Chain of Blame: How Wall Street Caused the Mortgage and Credit Crisis
- Hardcover edition
- Author: Paul Muolo and Mathew Padilla
- Language: English
- Subject: Subprime mortgage crisis
- Genre: Non-fiction
- Publisher: John Wiley and Sons
- Publication date: 2008
- Publication place: United States
- Media type: Hardcover
- Pages: 328 pp.
- ISBN: 978-0470292778
- OCLC: 226355971
- Dewey Decimal: 332.7/20973 22
- LC Class: HG5095 .M86 2008

= Chain of Blame =

2008 book by Paul Muolo and Mathew Padilla

Chain of Blame: How Wall Street Caused the Mortgage and Credit Crisis is a 2008 book about the subprime mortgage crisis in the United States by investigative journalists Paul Muolo of National Mortgage News and Mathew Padilla of the Orange County Register.

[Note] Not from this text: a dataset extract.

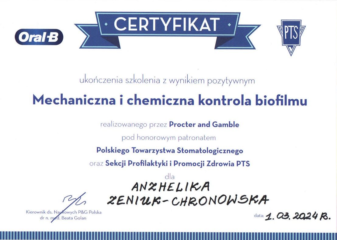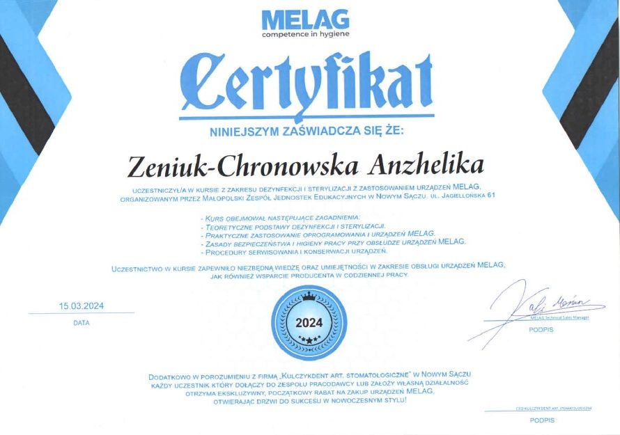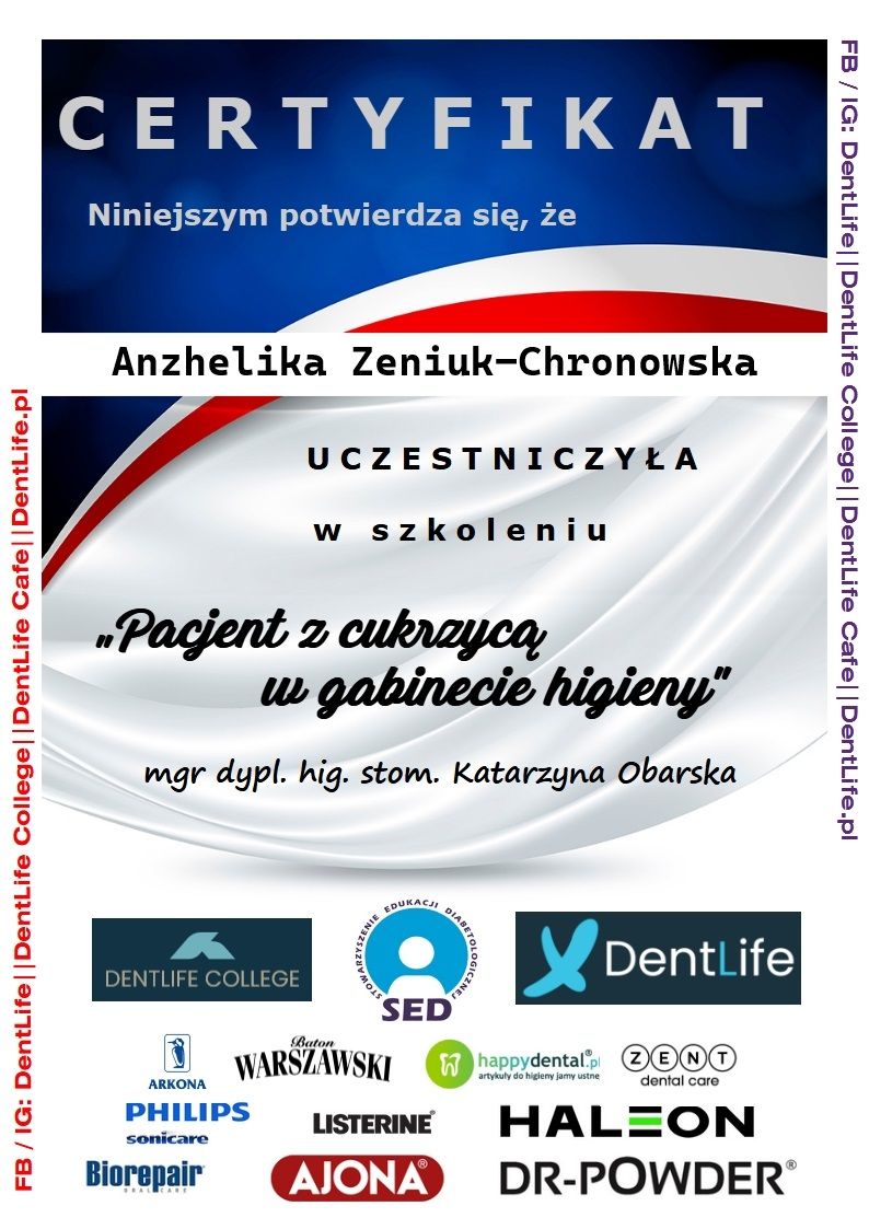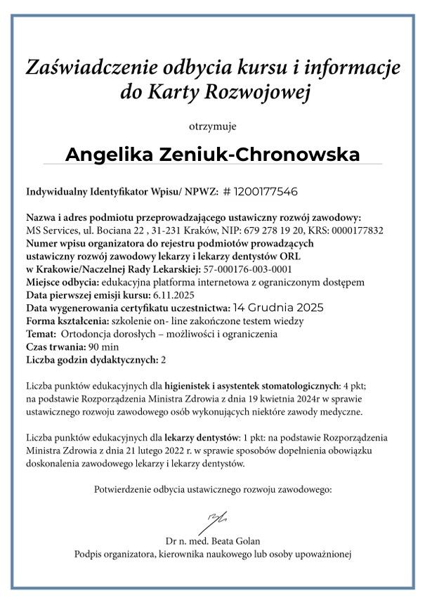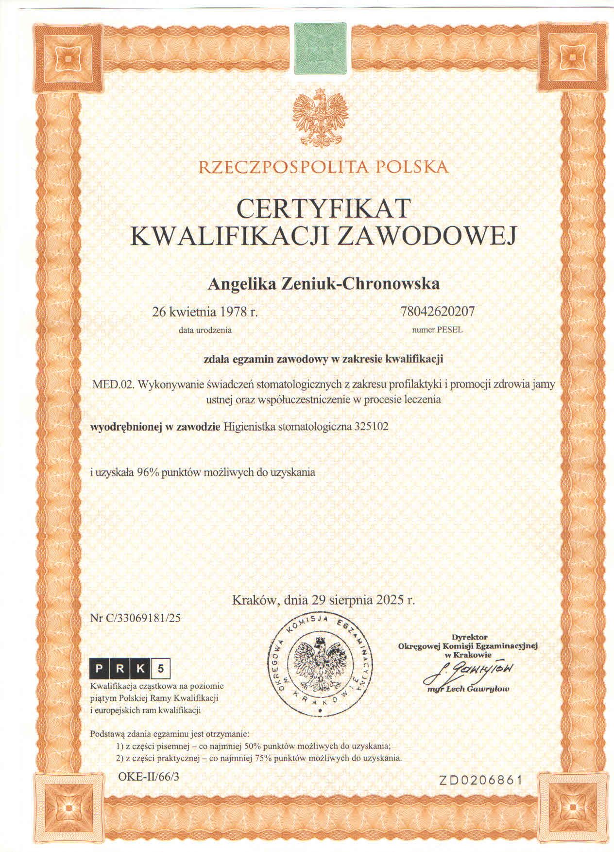 Stale rozwijam się zawodowo, śledząc nowinki z zakresu stomatologii i higieny jamy ustnej. Regularnie podnoszę swoje kwalifikacje poprzez udział w kursach i szkoleniach z zakresu profilaktyki stomatologicznej, nowoczesnych metod higienizacji, pracy z pacjentem periodontologicznym oraz edukacji zdrowotnej. Pracuję zgodnie z aktualnymi standardami i zaleceniami stomatologicznymi.

The book has an accompanying website with some excerpts, author biographies and a roundup of events in the subprime mortgage crisis that occurred after the book was printed.

== Overview ==
The book analyses the causes of the subprime mortgage crisis in the United States in an attempt to assign responsibility for the collapse of a number of mortgage companies in 2007–2008 and for the sharp rise in mortgage defaults in the wake of the sudden tightening of mortgage credit in the summer and early fall of 2007. The authors find that, while blame can be laid at every link of the mortgage production chain (borrowers, brokers, wholesale lenders) the ultimate culprits are Wall Street firms that carelessly securitized mortgage loan pools without appropriate diligence and attention to the quality of the underlying loans.

== Important personalities ==
- Angelo Mozilo, chairman of the board and chief executive officer of Countrywide Financial
- Roland Arnall, owner of ACC Capital Holdings
- Lewis Ranieri, former vice chairman of Salomon Brothers
- Michael Blum, managing director in charge of global asset-based finance at Merrill Lynch
- Bill Dallas, founder and CEO, Ownit Mortgage, a Merrill Lynch company
- Stanley O'Neal, former CEO Merrill Lynch
- Eric Billings, co-founder, chairman CEO, Friedman Billings Ramsey (FBR)
- Kerry Killinger, CEO Washington Mutual
- Ralph Cioffi, founder and senior portfolio manager Bear Stearns
- Alan Greenspan, former chairman, Federal Reserve
- Jack Mayesh, CEO, Long Beach Mortgage
- Brad Morrice, co-founder New Century Financial
- David Sambol, former president, Countrywide Financial Corp.
- James Johnson, chairman and CEO, Fannie Mae
- George Davies, loan trader Merrill Lynch

==Publishing information==
- Muolo, Paul (2008). "Chain of Blame: How Wall Street Caused the Mortgage and Credit Crisis"

==Japanese translation==
In 2009 the book was published in Japanese by Nippon-Hyoron-Sha Co., Ltd. under the title サブプライム危機 : 実録. ISBN 978-4-535-55615-7.